Our results and bioinformatics analysis showed that downregulation of miR-638 may be associated with a good prognosis in breast cancer, because with decreases in miR-638 expression level, we observed the overexpression of ATG-5 and TP53 genes, which are involved in autophagy and apoptosis, respectively.

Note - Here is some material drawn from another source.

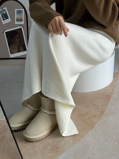 裏起毛 スカート ニットスカート スカート 裏起毛 レディース 秋冬 ニット カットソー ロングスカート ロング丈 ボトムス ウエストゴム バックスリット ゆったり 体型カバー 着?せ 柔らかい 美脚
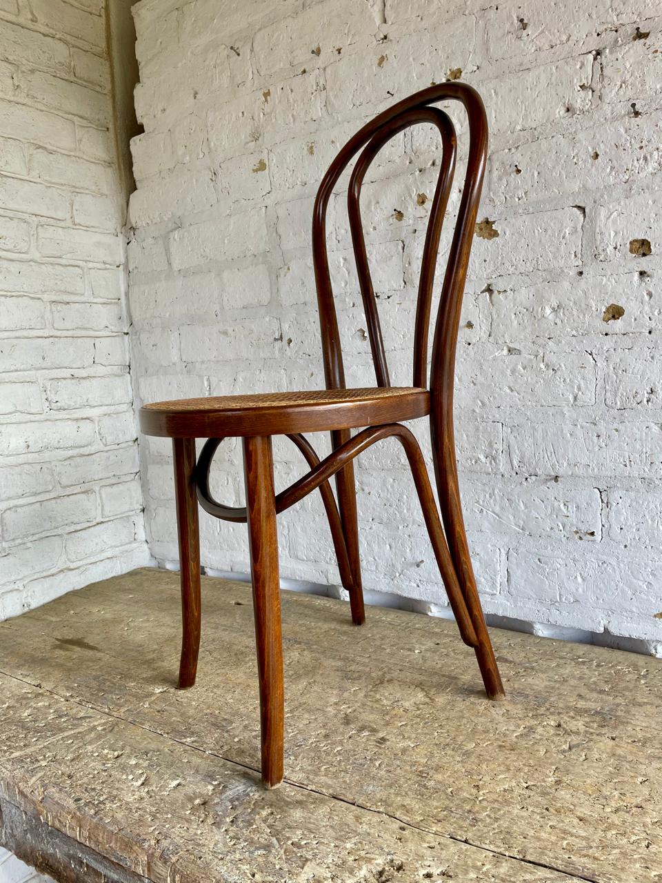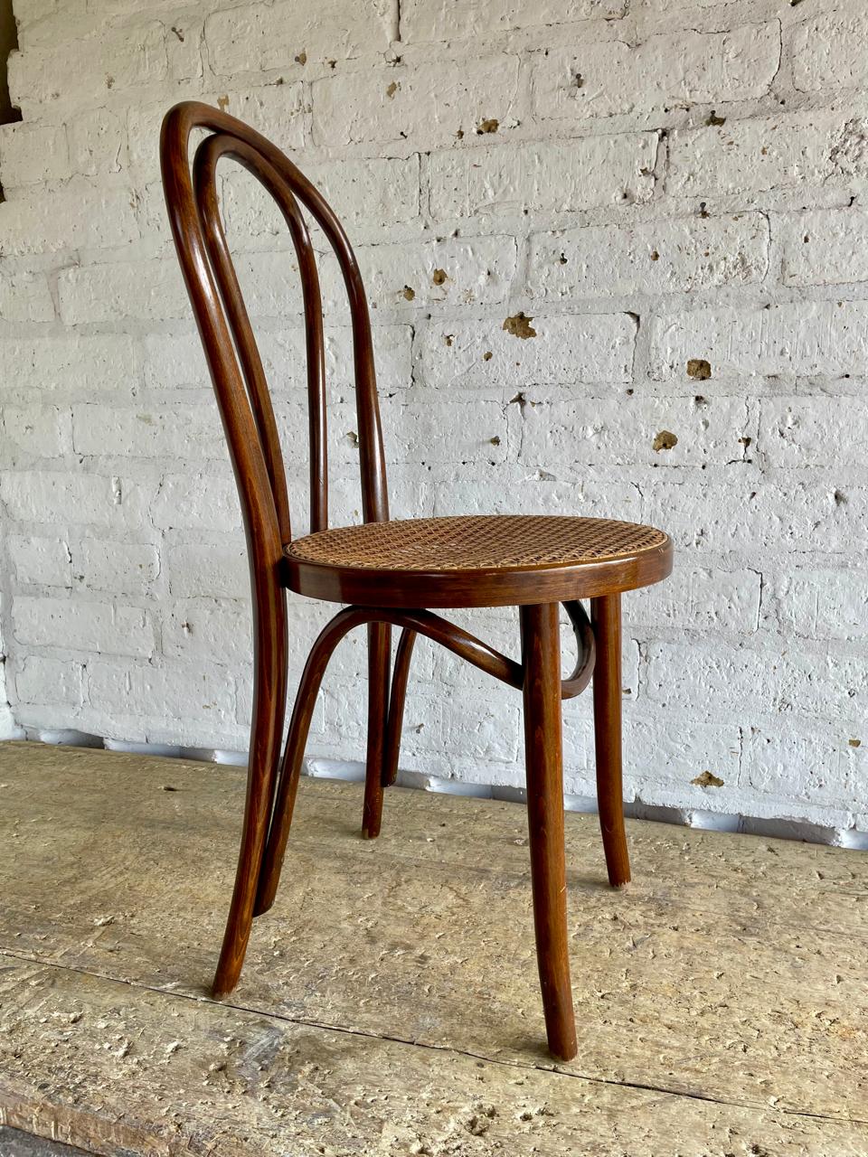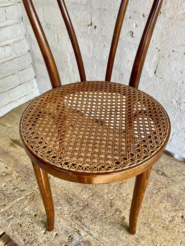 Silla fabricada por artesanos colombianos en los años ochenta con madera doblada al vapor técnica aprendida de maestros europeos, el asiento está tejido en ratán. Se encuentra en buen estado con los desgastes generados por el uso y el paso del tiempo.

In line with our study, Zhang et al. observed that miR-638 expression was reduced in colorectal cancer tissues, in comparison to their adjacent normal tissues (15). On the other hand, the mean expression level of miR-638 was significantly up-regulated in prostate and kidney cancers (29). Taken together, it can be suggested that miR-638 may have a potential prognostic role in breast cancer patients.
5.1. Conclusions
The results of the present study indicate a significant expression pattern difference of miR-638 in breast tumor specimens and their paired non-cancerous samples. Our findings showed that miR-638 was down-regulated in cancerous samples and was associated with higher stages. We conducted bioinformatics research to reach the target genes of miR-638, which can have the greatest impact on the pathways leading to cancer progression, and the possibility of using this miRNA in cancer prognosis. These results demonstrate that miR-638 might serve as a potential prognostic biomarker; however, more investigation is needed.